▶ Extracted information
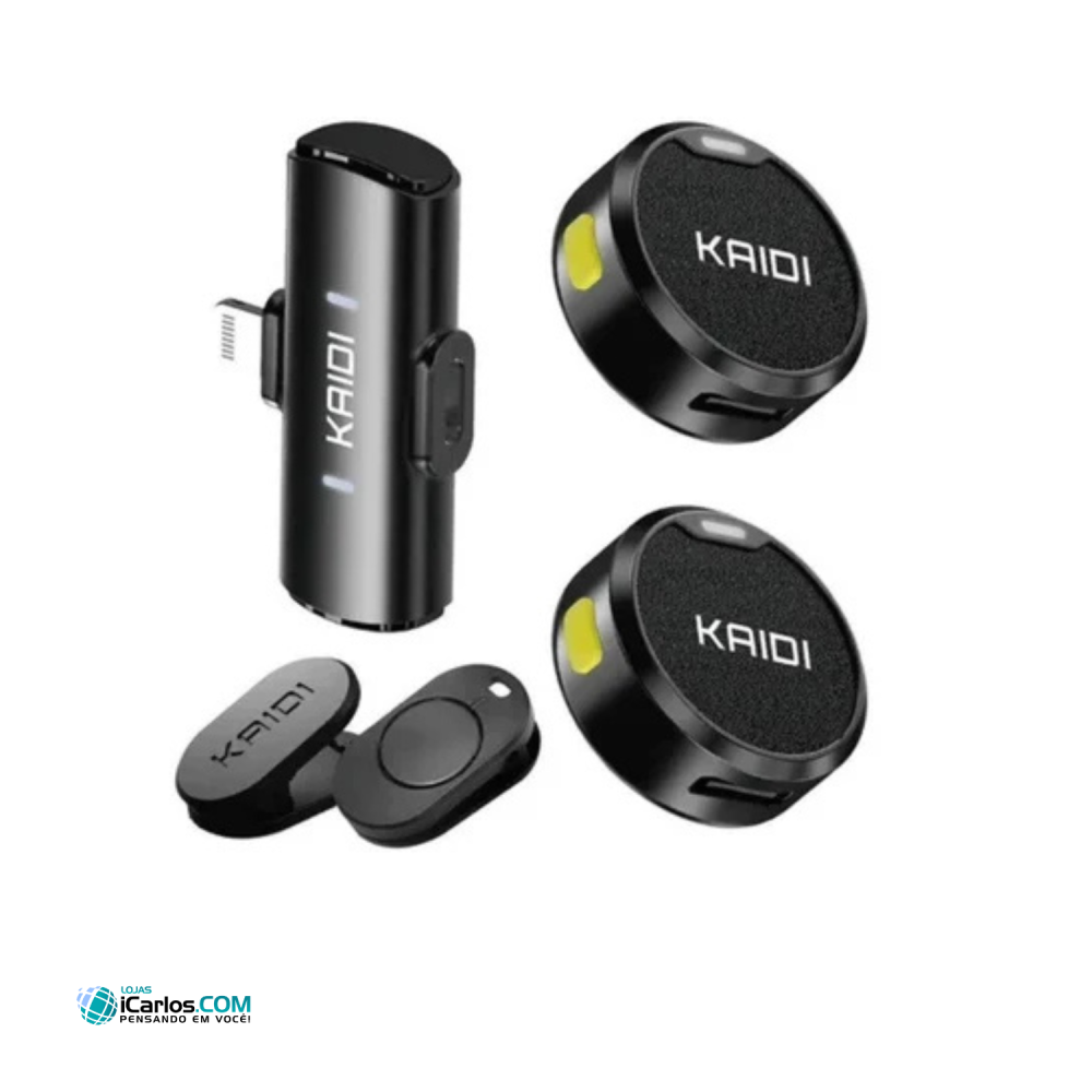 Este sistema microfone duplo kaidi kmf4-a wireless lightning para smartphones possui frequência wireless de alta capacidade, transmissores com clipes magnéticos e autonomia de até 4 horas, assim como oferece uma alta qualidade de som, sendo portátil e muito fácil de usar. Projetado para captação simultânea de 2 pessoas, o conjunto traz tecnologia plug and play que não necessita de aplicativos e drivers, basta conectar no celular e usar.
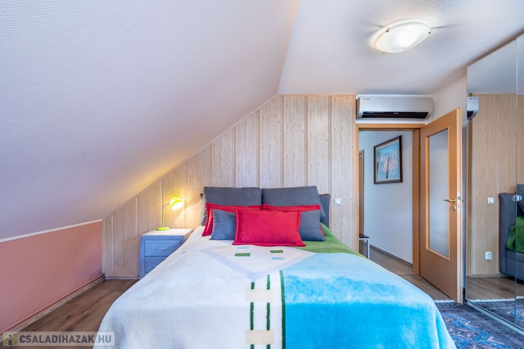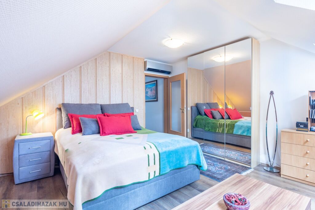Az emeleten négy hálószoba, fürdőszoba, wc, és egy külön gardróbhelyiség gondoskodik a kényelemről.
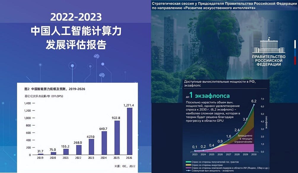 К 2030 отставание России может сократиться … до 3,5 тыс раз Эти кажущиеся бредом цифры следуют из сопоставления двух авторитетных источников. Первый из названных документов предполагает следующее. Второй из вышеназванных документов сообщает и предполагает абсолютно несравнимые по масштабу цифры. Также напомню, что в США вычислительная мощность инфраструктуры исследований, разработок и применения ИИ сейчас, где-то на 30–40% больше, чем у Китая (а к 2030 США планируют оторваться примерно в 2 раза за счет экспортных ограничений на микроэлектронику). В заключение, мне остается лишь с сожалением заметить вот что. Зря глава Сбера Герман Греф не начал свой 1й доклад на стратегической сессию с уже цитировавшегося им ранее анекдота про снаряды: «Здесь как в том анекдоте: назовите три причины, почему следует отступить? Причина первая: у нас нет снарядов. Вот так же и здесь: у нас нет такого количества снарядов». Ведь и с развитием ИИ то же самое: если нет и не планируется в России обретение ИИ и
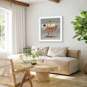 Póster en marco blanco - Jinete del pescado - 50x40 cm
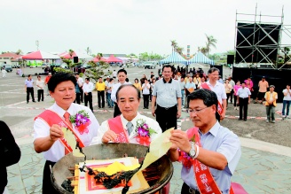 臺(tái)“立法院長”王金平(中)率宜蘭縣長呂國華(右)、臺(tái)東縣副縣長彭德成(后右一)及花蓮縣“立委”傅昆萁(左)和縣議會(huì)議長楊文值(后中)等人,在花蓮不分族群和宗教舉行聯(lián)合祈福祭天法會(huì)。(圖片來源:臺(tái)灣《聯(lián)合報(bào)》)
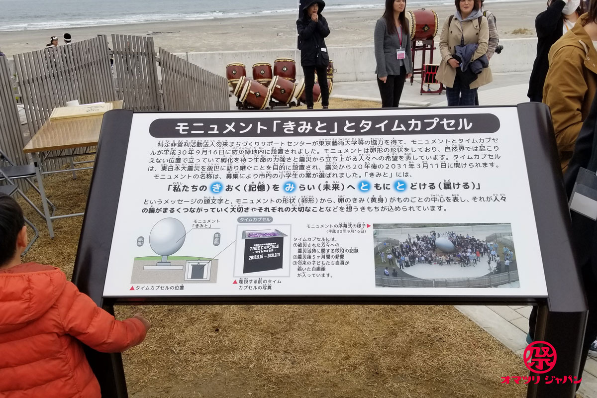 岩間防災緑地のシンボルである東京藝術大学の協力で作られた卵型のモニュメント。なこそ復興プロジェクトによる7年越しの事業であり、この地下には2031年3月11日に開けられるタイムカプセルが埋まっています。カプセルの中には震災を体験した人による資料などが入れられています。
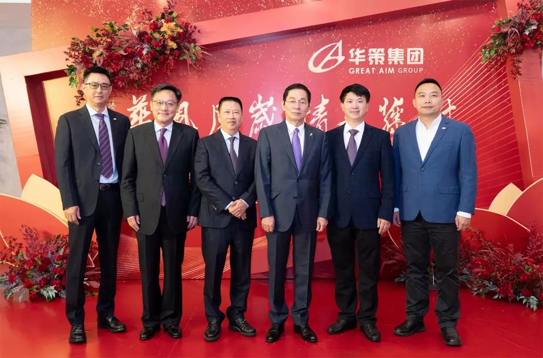 董事局主席楊峰(右三)、董事總裁余道群(左三)、董事常務(wù)副總裁梅合理(左二)、董事副總裁姚政(左一)、董事財務(wù)總監(jiān)楊家瓊(右二)、董事副總裁陳曉斌(右一)
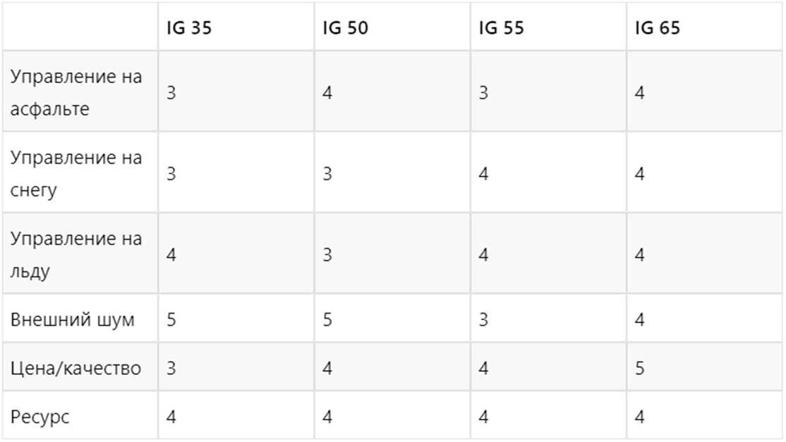Отечественные эксперты также проводили тесты IG55. Шины показали не столь радужное превосходство над предыдущим поколением, а в некоторых случаях были даже хуже. Все же все экспертизы подтверждают, что шипы у IG55 держаться намного лучше, чем у IG35. Ознакомиться с результатами испытаний можно в таблице ниже.
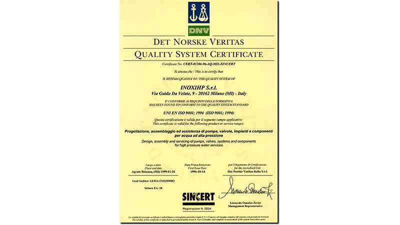 1996年INOXIHP公司就已取得ISO9001質(zhì)量認(rèn)證證書(shū) |
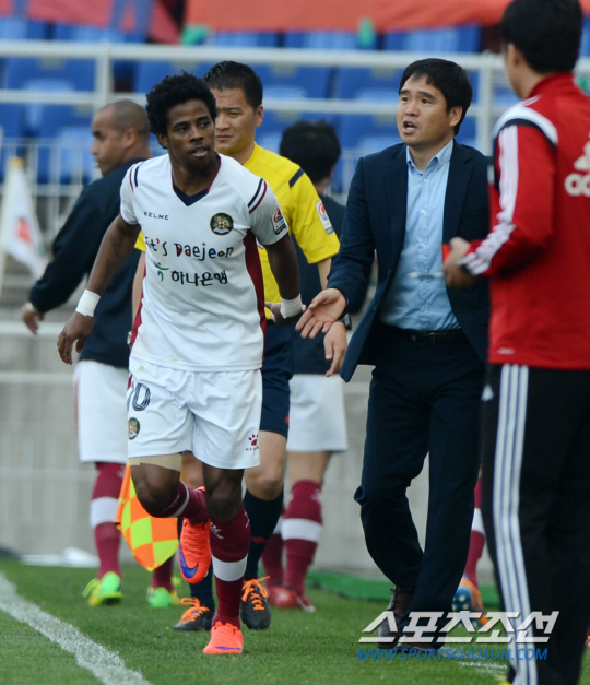 수비가담이 여전히 아쉬웠다. 대전 같이 전력이 떨어지는 팀은 전방부터 압박을 함께 해줘야 한다. 그런 의미에서 아드리아노는 계륵이었다. 아드리아노의 결정력은 아쉽지만, 전술상 포기해야 했다. 최 감독 하에서 아드리아노는 더이상 부동의 선발이 아니었다. 달라진 분위기에 아드리아노도 발을 맞췄다. 지난 광주전부터 적극적인 수비가담을 시작했다. 제주전에서는 과감한 압박으로 볼을 뺏어낸 장면을 여러차례 만들었다. 최 감독도 아드리아노의 모습에 엄지를 치켜올렸다. 최 감독은 "아드리아노가 지난 경기부터 수비가담을 적극적으로 받아들이고 있다. 공격이 끝난 후 내려왔다가 전환할때 위치가 아직 아쉽지만 경기를 거듭할수록 좋아지고 있다"고 했다.
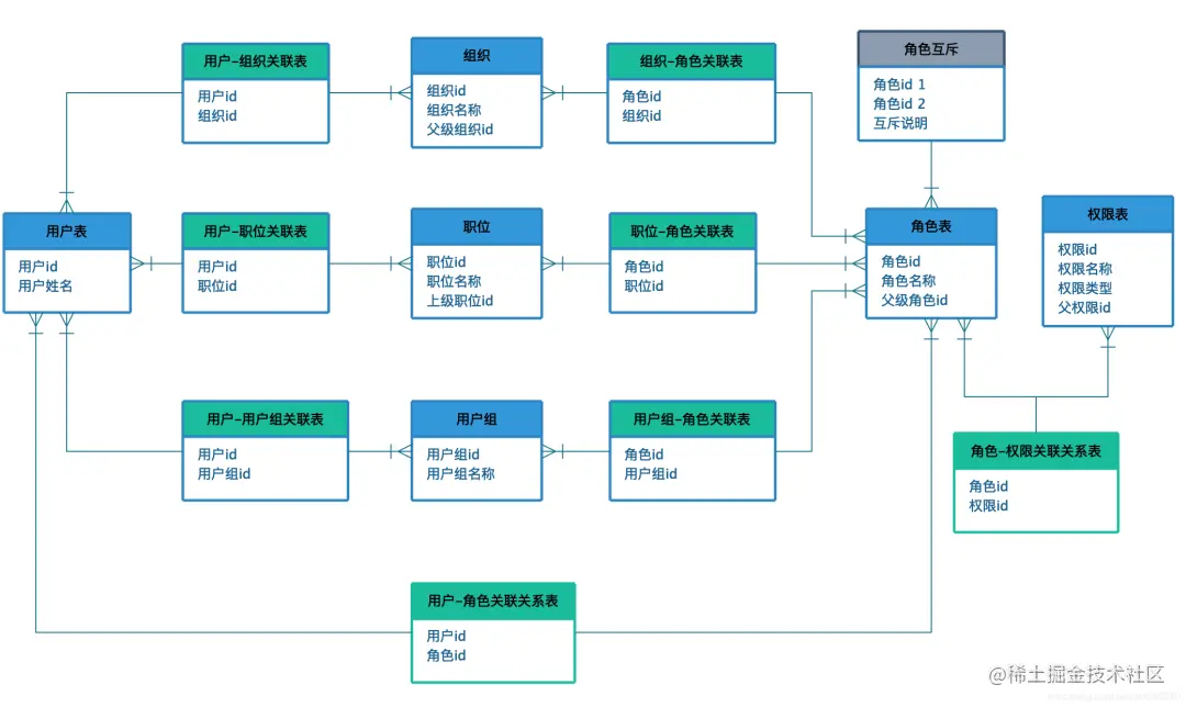 这里面需要强调的是角色互斥表,互斥的关系可以放在角色上,也可以放在权限上,看实际工作的需求。
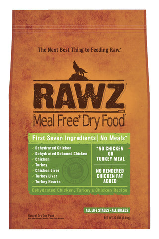 Rawz Turkey and Chicken dry formula is a woof-tastic choice for your canine companions! Made with reduced-carbohydrate ingredients with naturally occurring fat and healthy levels of highly-digestible protein, this mixed-meat dinner will have your dog's tail wagging with excitement!
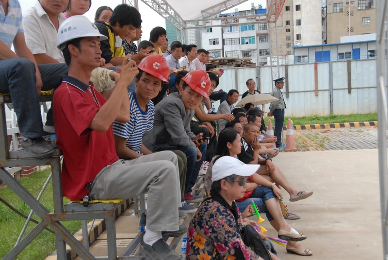 第四直管部全體籃球隊(duì)員在賽前以一曲合唱——《和你一樣》拉開了本次比賽的序幕,而相對(duì)于歌曲的清新,直管部準(zhǔn)備的口笛、塑料巴掌等“秘密武器”可是為整個(gè)比賽添加了足夠的激情與歡樂。公司機(jī)關(guān)和五〇三直管部也組織了各自的啦啦隊(duì)前往工地為隊(duì)員們加油助威。
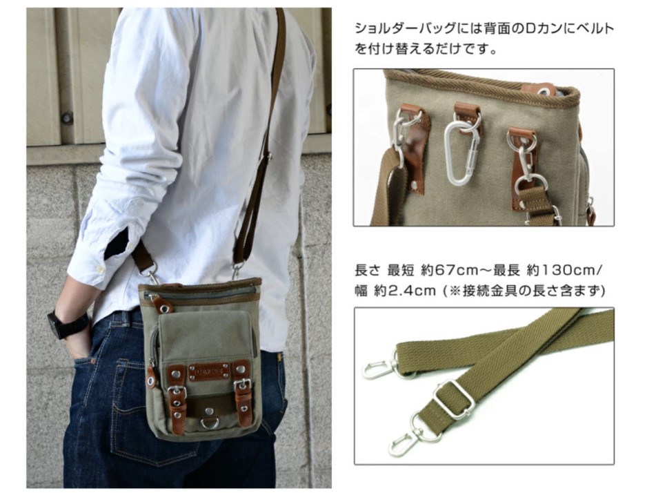 ショルダーベルト:長さ 最短 約67cm〜最長 約130cm/ 幅 約2.4cm (※接続金具の長さ含まず)
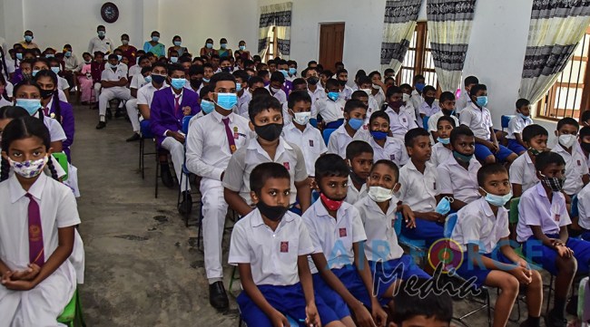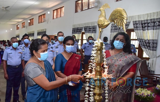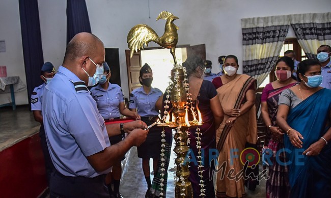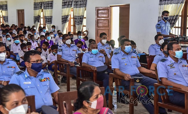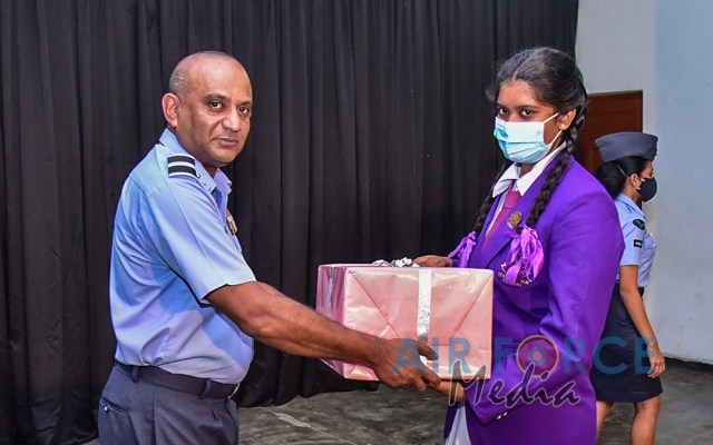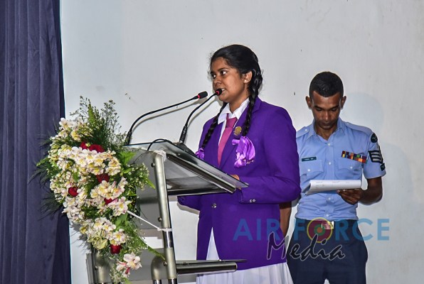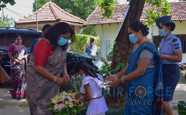 The event was graced by the Chairperson Mrs. Charmini Pathirana as the Chief Guest. Mrs. Rosy Labrooy the spouse of the Director Ground Operation, Mrs. Nirodha Thennakoon the spouse of the Director Welfare, Mrs. Ajantha Jayawardana the spouse of the Acting Director Electronics & Telecommunication Engineering, Acting Eastern Air Commander and Commandant of SLAF Academy China Bay, Air Commodore Bandu Edirisinghe and President of Seva Vanitha Unit at SLAF Academy China Bay, Mrs. Krishanthi Edirisinghe, a cross section of Officers and Other Ranks of SLAF Academy China Bay along with the staff of the SLAF Seva Vanitha Unit, teachers and students of the school witnessed this event.
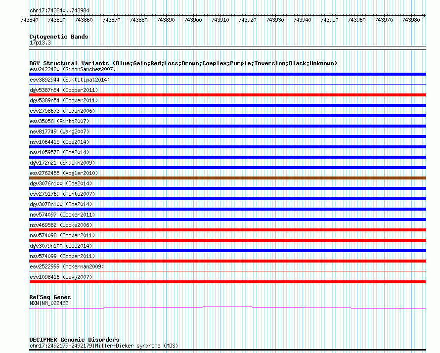 Variant DetailsVariant: esv1098416| Internal ID | 12261540 | | Landmark | | | Location Information | | | Cytoband | 17p13.3 | | Allele length | | Assembly | Allele length | | hg38 | 145 | | hg19 | 145 | | hg18 | 145 |
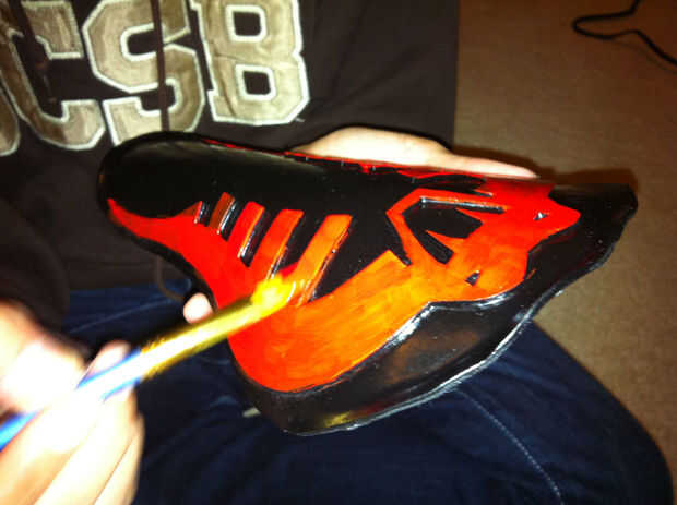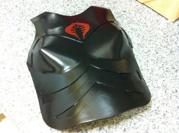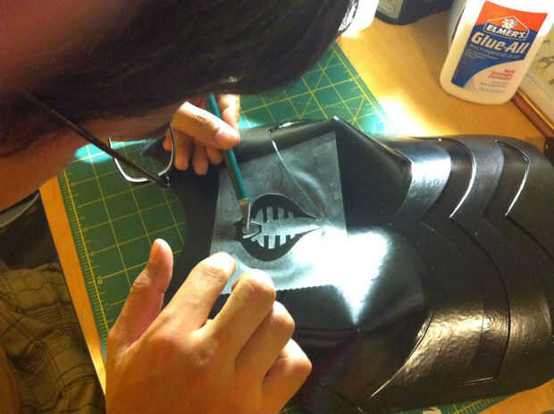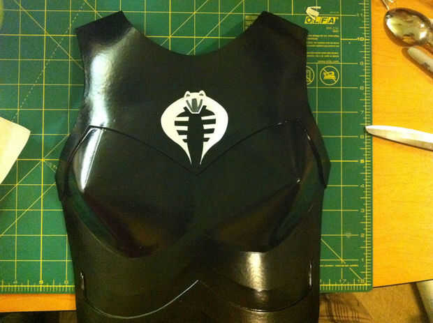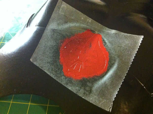 Para los detalles en rojo, dibujó un logo Cobra en la placa del pecho. Una vez que había esbozado con lápiz, luego tomó un marcador Sharpie para hacer más visible para cortar la plantilla. Corte el logo Cobra para asegurarse de que las proporciones eran buenas. Ahora se que todo lo que es en el para arriba y para arriba, tengo cortado el logo del material de la plantilla (papel de contacto) y colocar sobre la pieza de cuerpo donde quiero ir. Mezcla alguna pintura acrílica, con un poco de negro, llevar un borrador mágico esponja y frote sobre la plantilla. Espere 30 minutos para asegurarse de que esté seco al tacto y luego retire la plantilla. Para las piezas del brazo, había cepillado en la pintura y deje secar. Una vez que estoy satisfecho con el trabajo de pintura y color de acento, claro había revestido exterior de las piezas. Para las piezas como la espalda y las piernas, yo claro había revestido después de la etapa de pintura en aerosol.
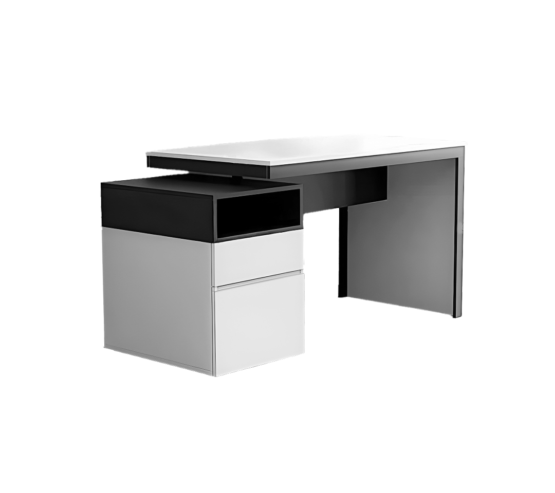 - Diseño Bicolor y Multitextura: El Escritorio Doha Deluxe impresiona por su contraste armónico de colores (aparentemente blanco, gris y negro) y la superposición de volúmenes, creando una estética contemporánea y de alta gama. Esta combinación no solo es visualmente atractiva, sino que también añade profundidad y carácter al espacio.

▶ Your task
From the records above, copy exactly the lines starting at the one with "第四直管部全體籃球隊(duì" and ending at the one with "ショルダーベルト:長さ 最短 約67cm〜最長", and no others. Pictures stay out.

▶ Reply
 第四直管部全體籃球隊(duì)員在賽前以一曲合唱——《和你一樣》拉開了本次比賽的序幕,而相對(duì)于歌曲的清新,直管部準(zhǔn)備的口笛、塑料巴掌等“秘密武器”可是為整個(gè)比賽添加了足夠的激情與歡樂。公司機(jī)關(guān)和五〇三直管部也組織了各自的啦啦隊(duì)前往工地為隊(duì)員們加油助威。
 ショルダーベルト:長さ 最短 約67cm〜最長 約130cm/ 幅 約2.4cm (※接続金具の長さ含まず)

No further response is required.